[Extracted data entries]
::::
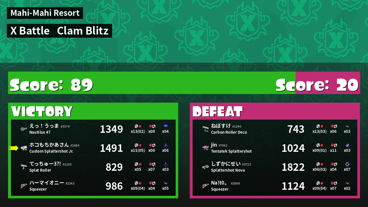 | Mode | Clam Blitz - X Battle | ||
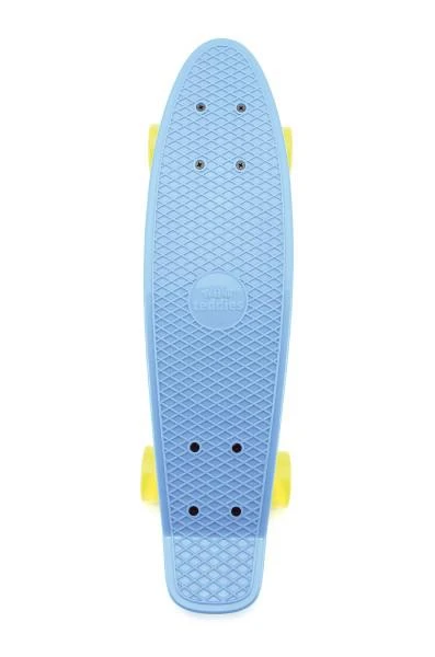Skateboard - pennyboard 60cm, nosnost 90kg, kovové osy, modrá barva, žlutá kola
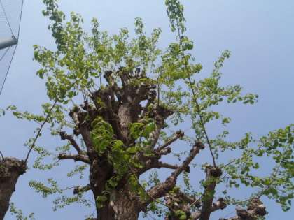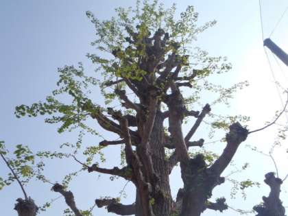 秋に大きく刈り込んだ銀杏の木。
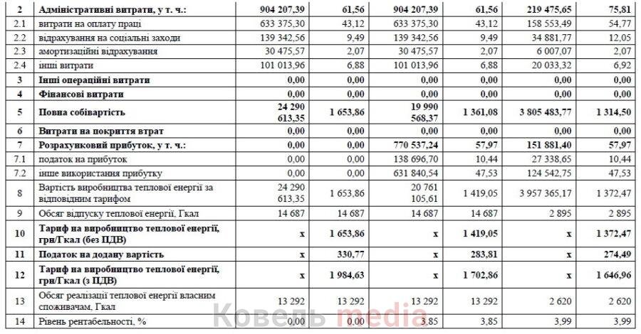 Отже, виконком вирішив встановити наступні тарифи на теплову енергію та гарячу воду, яку надає «Ковельтепло»:
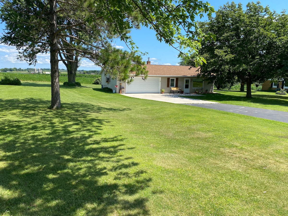 Welcome to Stay at Sunrise LLC. We offer a clean and comfortable home for your vacation enjoyment. We are in a rural area, recreation trail head is 3 miles east of us as is the Wade House, 7 miles from Road America. Large yard, Fire pit, picnic table, child swing set. Garage parking on site if arranged in advance. We do not have WIFI Phone reception for Internet is good. No Cable or Satellite TV, Over 32 antenna channels. Smoking is allowed outside of the home. No pets allowed.
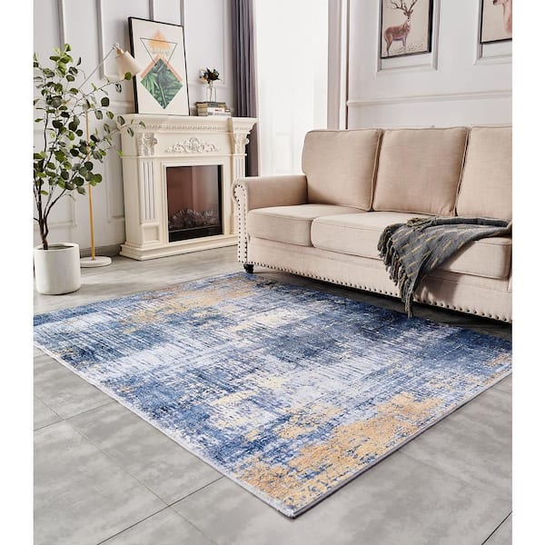 Zara Contemporary Blue/Gold 4 ft. x 6 ft. Washable Super Soft with Abstract Design Area Rug
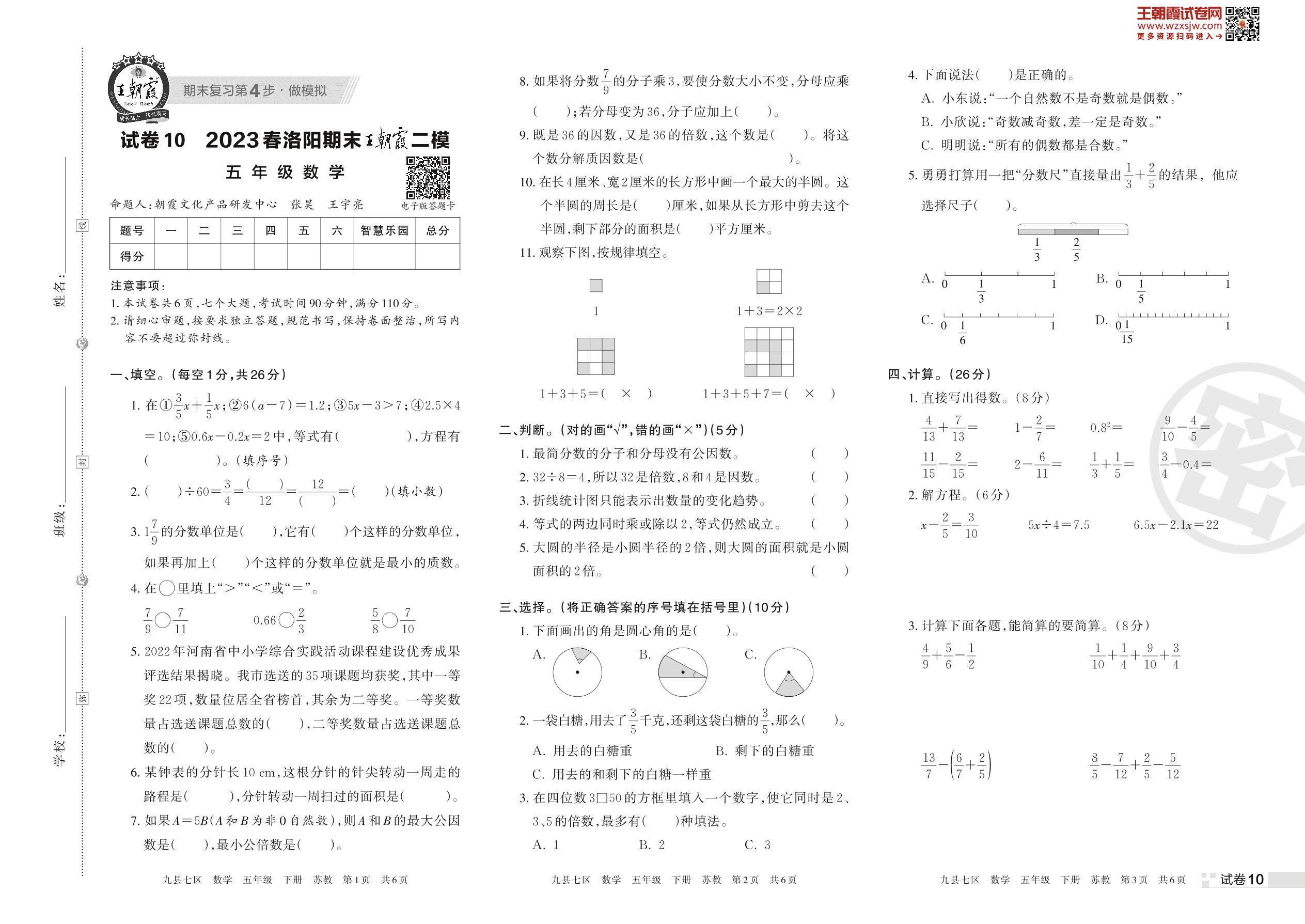 王朝霞期末模拟卷五年级下册数学(苏教版)【10】
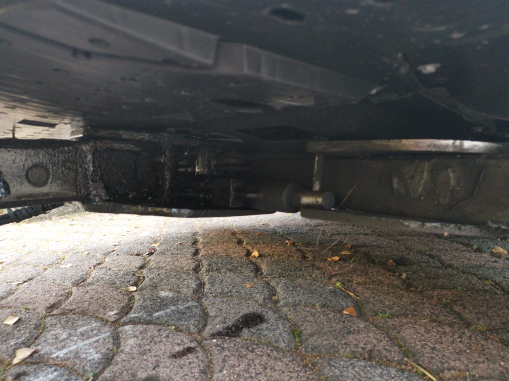 Nach einigen Versuchen den Wagen höher zu bekommen um den Greifarm nun final um die Reifen zu positionieren, hat dies nun irgendwie geklappt…beidseitig wurde mit Wagenhebern gearbeitet.
::::
**What to do**
Exact copy, no pictures: reproduce every record above.

**Task output**
 | Mode | Clam Blitz - X Battle | ||
Skateboard - pennyboard 60cm, nosnost 90kg, kovové osy, modrá barva, žlutá kola
 秋に大きく刈り込んだ銀杏の木。
 Отже, виконком вирішив встановити наступні тарифи на теплову енергію та гарячу воду, яку надає «Ковельтепло»:
 Welcome to Stay at Sunrise LLC. We offer a clean and comfortable home for your vacation enjoyment. We are in a rural area, recreation trail head is 3 miles east of us as is the Wade House, 7 miles from Road America. Large yard, Fire pit, picnic table, child swing set. Garage parking on site if arranged in advance. We do not have WIFI Phone reception for Internet is good. No Cable or Satellite TV, Over 32 antenna channels. Smoking is allowed outside of the home. No pets allowed.
 Zara Contemporary Blue/Gold 4 ft. x 6 ft. Washable Super Soft with Abstract Design Area Rug
 王朝霞期末模拟卷五年级下册数学(苏教版)【10】
 Nach einigen Versuchen den Wagen höher zu bekommen um den Greifarm nun final um die Reifen zu positionieren, hat dies nun irgendwie geklappt…beidseitig wurde mit Wagenhebern gearbeitet.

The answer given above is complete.